NASA Publicity and Mars Polar Lander
Dateline: 12/05/99We may never know what happened to the Mars Polar Lander and the pair of Deep Space 2 probes. Data sent before the attempted landing didn't indicate any problems with the spacecraft. Short of making contact with the vehicles, there is no way to retrieve any post-landing data.
For the weeks and months following the mission, attention will focus on mission planning and design, as well as on NASA policies in general. Congress will begin an oversite investigation; NASA will form its own internal team; and we might even see an outside, independent panel.
The investigation will be complicated because NASA is as much a political agency as it is a technology agency. Missions must meet both scientific and political goals. Often, politics are even more important than science.
To preserve its funding, NASA must seek out politically popular programs, and it must seek out as much publicity for these programs as possible. Unfortunately, science and publicity don't always mix very well.
Immediate Results
Within minutes of the projected landing time, major news organizations were already talking about another $165 million loss for NASA. NASA program managers were rapidly entering spin control mode. Program scientists, however, were almost nonchalant, claiming they had said all along they didn't expect to hear anything for at least a day or so.
Now, I followed this program fairly closely, and I can't remember hearing such a statement. I have no doubt it's true, but I also have no doubt NASA chose to play down this fact.
NASA chose to focus on the landing as the climax of the mission. Most of the science would occur later, but the landing was considered the "Big Event." After all, the clock on the Polar Lander Web site counted down to the landing, not the reception of the first signal.
Programs of this type usually don't have a single climactic event. For various reasons, though, that's what the public has come to expect, and that's what NASA must deliver to maximize its publicity.

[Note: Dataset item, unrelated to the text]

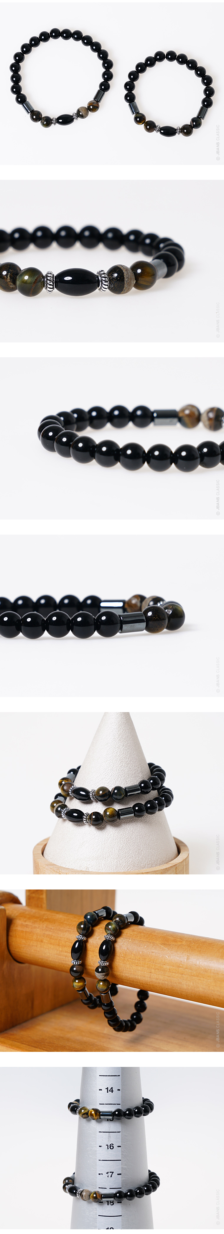 블랙톤 원석둘과 실린더타입 해마타이트를 이용해 제작된 원석팔찌입니다. 유광 오닉스를 기본으로 은은한 실린더타입 헤마타이트와 컬러감이 매력적인 청호안석을 잘 매치해 누구나 부담없이 착용 가능한 디자인의 팔찌로 제작되었습니다. 앤틱한 느낌의 은장식은 과하지 않은 포인트로 그 매력을 더해줍니다. 가죽팔찌 등 다른 악세사리와 함께 레이어드하면 더욱 잘 어울립니다. 커플팔찌로 착용하기 좋도록 남성용, 여성용, 주문제작 사이즈로 제작됩니다.

Some of this expectation is the media's fault for focusing on the dramatic. What plays better on the evening news: a difficult landing on a distant planet, or the deployment of an antenna and the subsequent encoded signal?
Some of this expectation is the public's fault for demanding instant results. In the movies, there's always a precise countdown to a final event, but in real science programs the results often trickle in over hours or even days.
Finally, much of this expectation is NASA's fault for putting publicity ahead of public eduction, and education is one of its official missions. NASA does a decent job of explaining the technology behind its programs, but it fails to show the basic scientific process which drives these programs.